L’origine des termes Social Entrepreneur et Social Entrepreneurship revient à Bill Dayton, fondateur de l’association Ashoka en 1984, qui s’emploie à soutenir financièrement et structurellement les actions d’entrepreneurs sociaux novateurs. Mais les premières actions qualifiables « d’entrepreneuriat social » sont beaucoup plus anciennes : Florence Nightingdale, par exemple, définit pendant la guerre de Crimée (1854), les méthodes modernes des soins médicaux. De même, Vinoba Bhave, fondateur du India’s Gift Movement au début du siècle, œuvra contre l’industrialisation massive de l’Inde et les influences Marxistes, et lança des réformes agraires pour aider les paysans sans terres.

Aujourd’hui, la figure majeure de l’entrepreneuriat social est Muhammad Yunus, économiste universitaire de formation, fondateur de la Grameen Bank et Prix Nobel de la Paix en 2006. Il se lance aussi dans le micro-crédit pour aider les paysans indiens les plus pauvres. Il exporte son innovation dans d’autres pays dès 1983 et diversifie son activité (textile, téléphonie, production d’électricité par énergie solaire…). Il a mis en place de nombreux partenariats avec de grandes entreprises, notamment françaises, comme Danone ou Veolia.
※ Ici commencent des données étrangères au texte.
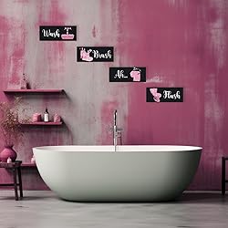 Black and pink bathroom decor set: you will receive 4 pieces of stylish pink bathroom wall art in different styles, beautiful and elegant, Adequate Quantity with an Exquisite Look can support your daily use and replacement needs, making leisure bathing time more enjoyable Funny pink decor theme: these funny pink bathroom decors are decorated with glitter pink color and bathroom element patterns, Like washbasins, toothbrushes, tissues, toilets, etc, and accompanied by text such as [Wash], [Brush], [Ah], [Flush], funny and noticeable; These pink bathroom accessories not only give you visual appeal but also create a fun and relaxed atmosphere Suitable Size and Quality Material: the elegant black and pink wall decor measures approx. 10 x 4 x 0.2 inches/ 25 x 10 x 0.5 cm, they are made of quality wood, smooth surface and not easy to break, suitable for hanging in most places without taking up too much space; you can use them for a long time as a beautiful home wall decor, making your home look cute and funny Easy to use: these glitter pink decors have hooks on the back for immediate hanging convenience, so you can stand them on a table or hang them on the wall; enough to complement any space. They offer an easy yet effective way to enhance the ambiance of your home bathroom decor. Funny and warm gifts: you can consider giving this pink wall decor to your friends, neighbors, or family, this funny pink and black bathroom decor is a nice gift for a birthday, Thanksgiving, housewarming, graduation, anniversary, Christmas, etc.

L’entrepreneuriat social s’est fortement développé aux Etats-Unis, ou l’expression « Social Enterprise Initiative » a été lancée en 1993 par la Harvard Business School, puis par d’autres grandes universités (Columbia, Yale) et diverses fondations qui mettent en œuvre des programmes de formation et de soutien aux entrepreneurs sociaux et aux entreprises sociales. L’idée d’entreprise sociale désigne principalement des activités économiques marchandes mises au service d’un but social.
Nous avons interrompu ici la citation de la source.